◆ TASK TO CARRY OUT:
With pictures removed, print the listing exactly.

◆ MATERIAL PROVIDED:
==================================================

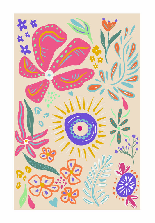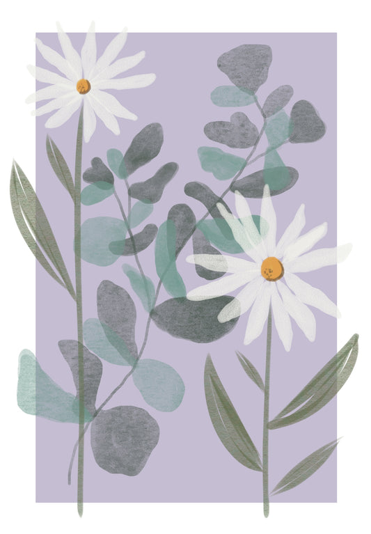 Illustration numérique A4 - Marguerites et eucalyptus sur fond violet
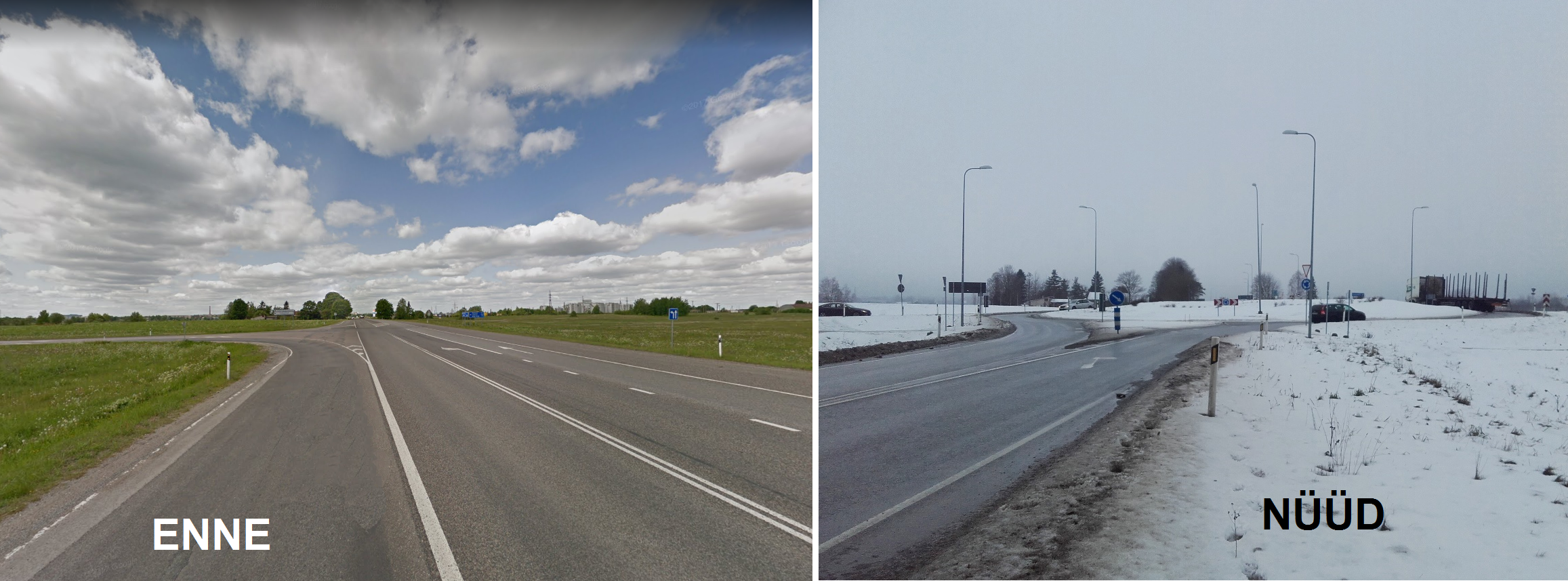 Panin kõrvale ka samast suunast vaate enne ringristmiku ehitamist, kus on ilusasti näha, et enne sinna kitsaste sõiduradadega ja vaatevälja varjava mullakuhilaga ringristmiku ehitamist, oli sellel ristmikul ohutut laiust ja ruumi igale maitsele, ning vaatevälja ei piiranud mitte midagi.
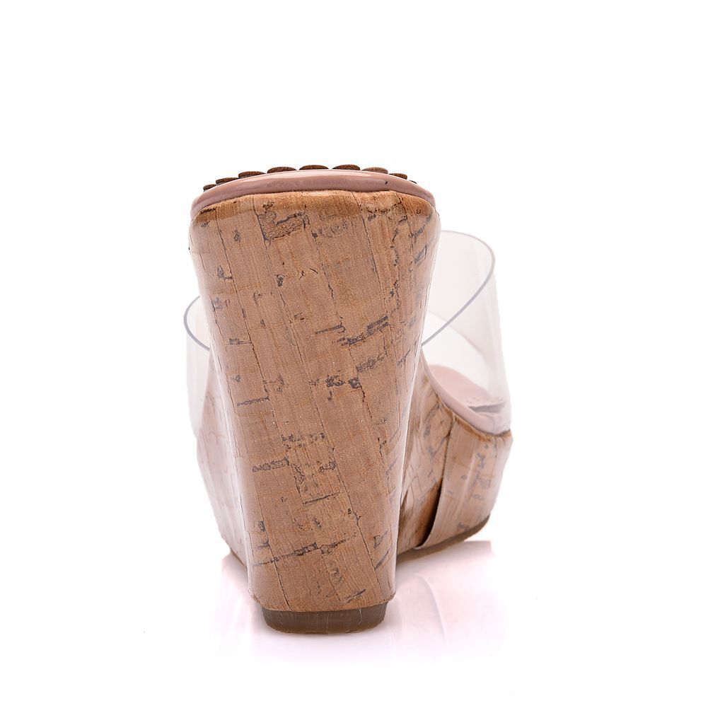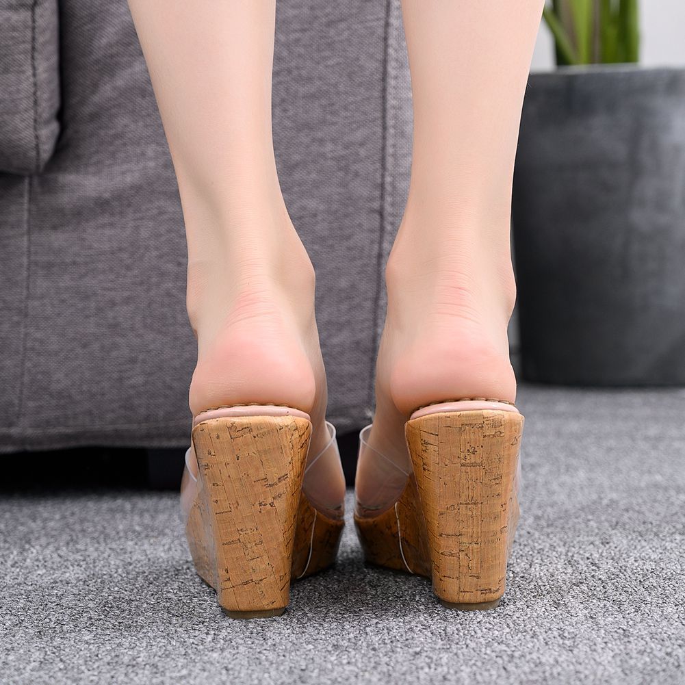 Transparent Nude Color Fish Mouth Sandals Round Toe Wedge Sandals Wedge Slippers
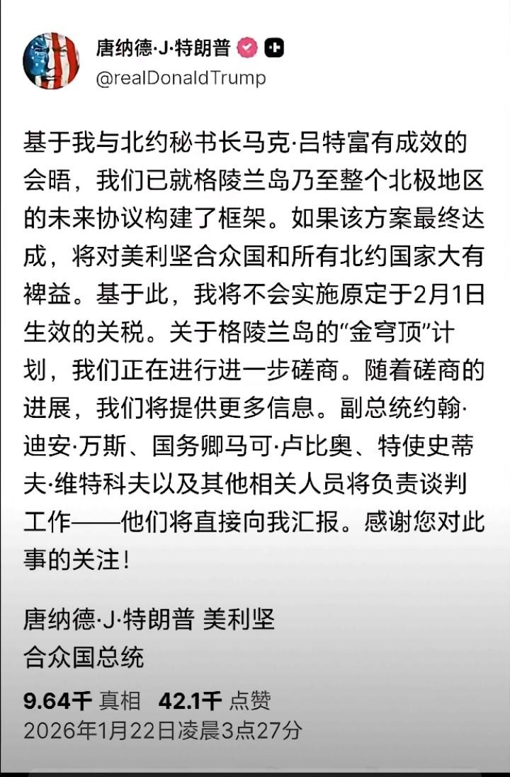 特朗普还是怂了!瑞典国家养老基金巨头清仓了美债,结果导致昨晚美国股债汇三杀,走投无路的丹麦昨天也宣布要抛售美债,如果欧洲其他国家陆续跟进的话,在大规模抛售美债之后,估计要跪的可能就是特朗普了。 这可不是小事。瑞典和丹麦的养老基金,加起来扔了将近90亿美元的美债。人家说了,就是觉得美国那边风险太大,财政状况让人心里没底。 市场立马就炸了。美股跌了,美债跌了,美元也跌了。这就好比三个人原本站在一起,现在被同时踹了一脚。全球市场也跟着抖三抖,金价嗖嗖往上涨,大家都想找个安全地方躲躲。 特朗普政府能不慌吗?国债收益率一上去,他们以后借钱还利息的成本就高了。老百姓的房贷压力也会变大。这可不是什么好消息。 为啥欧洲反应这么大?导火索恐怕是特朗普之前威胁要对丹麦等几个国家加征关税,还打格陵兰岛的主意。欧洲人觉得,这已经超出普通的贸易摩擦了,是拿经济手段去达成政治和领土目的。 欧洲已经开始准备反击了,说要拿出上千亿美元的对等措施。法国总统马克龙直接批评美国的做法“不可接受”。大家都在盯着挪威那个巨无霸的主权财富基金,看它会不会有下一步动作。 但美国是不是就这么容易被扳倒?也不一定。抛售的规模和美债市场总量比,还只是九牛一毛。有华尔街大行就说,全球资本目前还真找不到比美债更好的选择。 不过这件事真正的杀伤力,是打击了市场的“信心”。大家开始怀疑美国的财政纪律和政策的可预测性。金融市场不怕坏消息,就怕不确定性。特朗普政府那种让人摸不着头脑的做派,正在一点点磨损美元的信用根基。 举个例子,这就好比一家信誉一直很好的大公司,突然开始说话不算数、行为反复无常。哪怕它资产还很雄厚,合作伙伴心里也得犯嘀咕,开始提前做些准备,以防万一。 说到底,这次金融震荡更像是一记响亮的警钟。它提醒所有人,在全球经济紧密相连的今天,再强大的国家也不能为所欲为。当最亲密的盟友都开始用脚投票,麻烦可能就真的来了。 各位读者你们怎么看?欢迎在评论区讨论。

==================================================

◆ SOLUTION TO THE EXERCISE:
 Illustration numérique A4 - Marguerites et eucalyptus sur fond violet
 Panin kõrvale ka samast suunast vaate enne ringristmiku ehitamist, kus on ilusasti näha, et enne sinna kitsaste sõiduradadega ja vaatevälja varjava mullakuhilaga ringristmiku ehitamist, oli sellel ristmikul ohutut laiust ja ruumi igale maitsele, ning vaatevälja ei piiranud mitte midagi.
 Transparent Nude Color Fish Mouth Sandals Round Toe Wedge Sandals Wedge Slippers
 特朗普还是怂了!瑞典国家养老基金巨头清仓了美债,结果导致昨晚美国股债汇三杀,走投无路的丹麦昨天也宣布要抛售美债,如果欧洲其他国家陆续跟进的话,在大规模抛售美债之后,估计要跪的可能就是特朗普了。 这可不是小事。瑞典和丹麦的养老基金,加起来扔了将近90亿美元的美债。人家说了,就是觉得美国那边风险太大,财政状况让人心里没底。 市场立马就炸了。美股跌了,美债跌了,美元也跌了。这就好比三个人原本站在一起,现在被同时踹了一脚。全球市场也跟着抖三抖,金价嗖嗖往上涨,大家都想找个安全地方躲躲。 特朗普政府能不慌吗?国债收益率一上去,他们以后借钱还利息的成本就高了。老百姓的房贷压力也会变大。这可不是什么好消息。 为啥欧洲反应这么大?导火索恐怕是特朗普之前威胁要对丹麦等几个国家加征关税,还打格陵兰岛的主意。欧洲人觉得,这已经超出普通的贸易摩擦了,是拿经济手段去达成政治和领土目的。 欧洲已经开始准备反击了,说要拿出上千亿美元的对等措施。法国总统马克龙直接批评美国的做法“不可接受”。大家都在盯着挪威那个巨无霸的主权财富基金,看它会不会有下一步动作。 但美国是不是就这么容易被扳倒?也不一定。抛售的规模和美债市场总量比,还只是九牛一毛。有华尔街大行就说,全球资本目前还真找不到比美债更好的选择。 不过这件事真正的杀伤力,是打击了市场的“信心”。大家开始怀疑美国的财政纪律和政策的可预测性。金融市场不怕坏消息,就怕不确定性。特朗普政府那种让人摸不着头脑的做派,正在一点点磨损美元的信用根基。 举个例子,这就好比一家信誉一直很好的大公司,突然开始说话不算数、行为反复无常。哪怕它资产还很雄厚,合作伙伴心里也得犯嘀咕,开始提前做些准备,以防万一。 说到底,这次金融震荡更像是一记响亮的警钟。它提醒所有人,在全球经济紧密相连的今天,再强大的国家也不能为所欲为。当最亲密的盟友都开始用脚投票,麻烦可能就真的来了。 各位读者你们怎么看?欢迎在评论区讨论。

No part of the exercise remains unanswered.